Parse_strings_as_datetimes fails when using Pyspark

I am using Great Expectations 0.18.8, running pyspark code in an AWS Sagemaker Studio Jupyter Lab. When I am configuring expect_column_min_to_be_between or expect_column_max_to_be_between with parse_strings_as_datetimes = True, whether I set the max_value or min_value to be a datetime.strptime or a string, I receive the following error:

"'>=' not supported between instances of 'str' and 'datetime.datetime'"

Here is an example configuration:


expectation_config = ExpectationConfiguration(
    expectation_type="expect_column_min_to_be_between",
    kwargs={
        "column": "date_of_service",
        'min_value': datetime.datetime.strptime('2020-01-01', '%Y-%m-%d'),
        'max_value': datetime.datetime.strptime('2020-01-01', '%Y-%m-%d'),
        "parse_strings_as_datetimes": True
    }
)

I have cross-posted this in Slack and I know this issue has also been raised over github. Would definitely appreciate a speedy update to this function. Otherwise, I may just create a custom expectation to handle this.

Hi @molly-srour, thanks for reaching out, and welcome to the GX community!

I’m trying to replicate the behavior you are seeing, but have not been able to reproduce the same error (currently getting a warning, but no error). To help us investigate the issue on our end:

  • Can you provide your full GX code that generates the error?
  • What is the data type of the column (date_of_service) that you’re validating with the problem Expectation?

Hi Rachel! Thanks for looking into my question. My column date_of_service is a datetime.datetime object stored in a parquet file. If we looked at a single value when loading the parquet file via spark, we’d see the following for one row:

datetime.datetime(2020, 1, 1, 0,0)

I’m running gx using a checkpoint with many expectation suite jsons. The portion that uses this code was configured using the configuration I sent above, and looks like this in the JSON:

{
      "expectation_type": "expect_column_min_to_be_between",
      "kwargs": {
        "column": "date_of_service",
        "max_value": "2020-01-01T00:00:00",
        "min_value": "2020-01-01T00:00:00",
        "parse_strings_as_datetimes": true
      },
      "meta": {}
    }

then I would execute using the checkpoint: context.run_checkpoint(checkpoint_name=“claim_checkpoint_2023”)

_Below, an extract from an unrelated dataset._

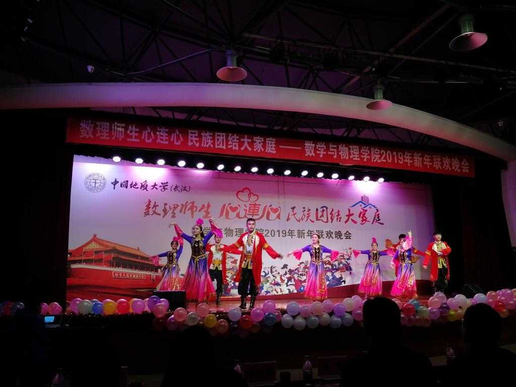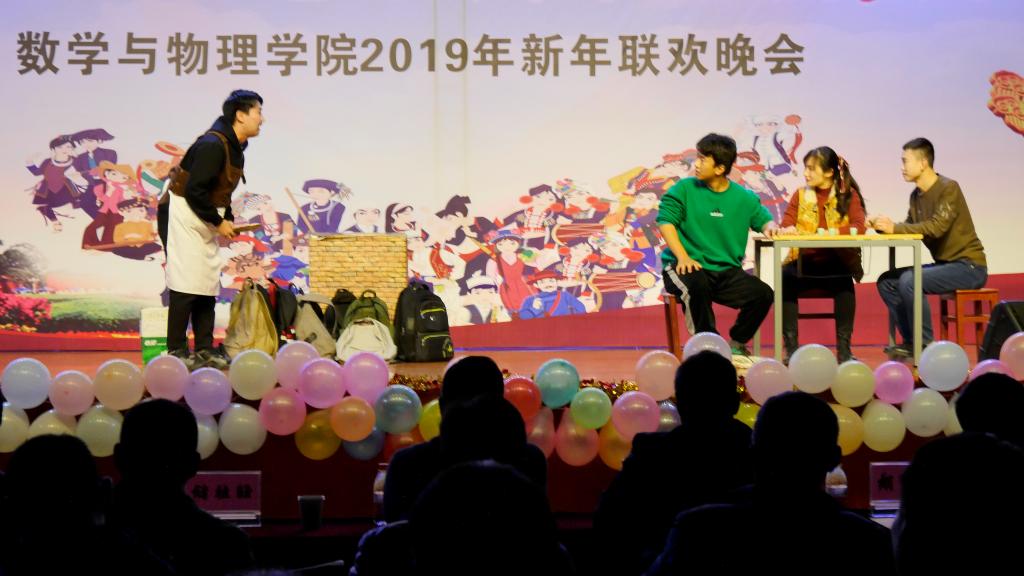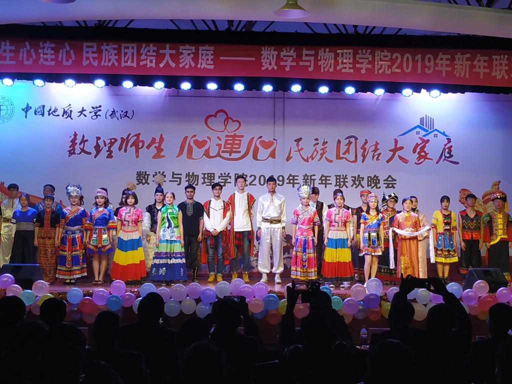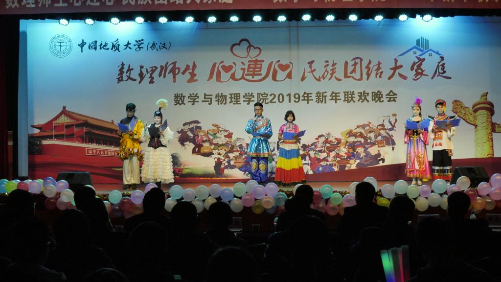 2018年12月20日晚,数理师生心连心 民族团结大家庭——数学与物理学院2019年新年联欢晚会在大学生活动中心二楼举行。校党委书记何光彩、党委常委组织部部长储祖旺、党委宣传部部长胡守庚、党委统战部部长唐勤、党委保卫部部长代清风、资源学院党委书记李宇凯、学校办公室副主任刘东杰、监察处副处长李杰、学生工作处副处长苏洪涛、学生工作处副处长蒋怀柳、学生就业创业处副处长陈慧、校团委黄蕾、学工处少数民族学生工作办公室各位老师以及william威廉英国党政班子成员、各系主任、党支部书记、学工组和院直的各位老师与学院学生共同观看了晚会。

Let me know if I can provide any further information! I’m using spark as the engine.

Got it, thanks! I’ll take another look and will let you know if I have any further questions.

Hi @molly-srour, I was able to reproduce your error and checked in with Engineering about the findings.

The short answer is that the parse_strings_as_datetimes argument is deprecated - remove it from your Expectation definition.

A couple related points are:

  • In my reproduction testing, the expect_column_min_to_be_between Expectation worked as expected (without the parse_strings_as_datetimes arg) on a column containing datetime objects, nulls, and string datetimes.

  • Using the parse_strings_as_datetimes arg surfaced a DeprecationWarning on my end - was this surfaced for you in your Sagemaker notebook?:

    DeprecationWarning: The parameter "parse_strings_as_datetimes" is deprecated as of v0.13.41 in v0.16. As part of the V3 API transition, we've moved away from input transformation.
    
  • Your post has surfaced the disconnect between our codebase and Expectations Gallery in reflecting deprecated args. We will discuss internally on how this can be addressed to reduce confusion in the future.

Let us know if you run into further errors using expect_column_min_to_be_between with datetime data in a Spark dataframe.

Hi <@U05PNEM25C0>,

How to remove ‘parse_strings_as_datetimes’ from my expectation. I am passing/using this argument in my case. I am getting same error.

Please refer to https://greatexpectationstalk.slack.com/archives/CUTCNHN82/p1709549641061479
Note: @ originally posted this reply in Slack. It might not have transferred perfectly.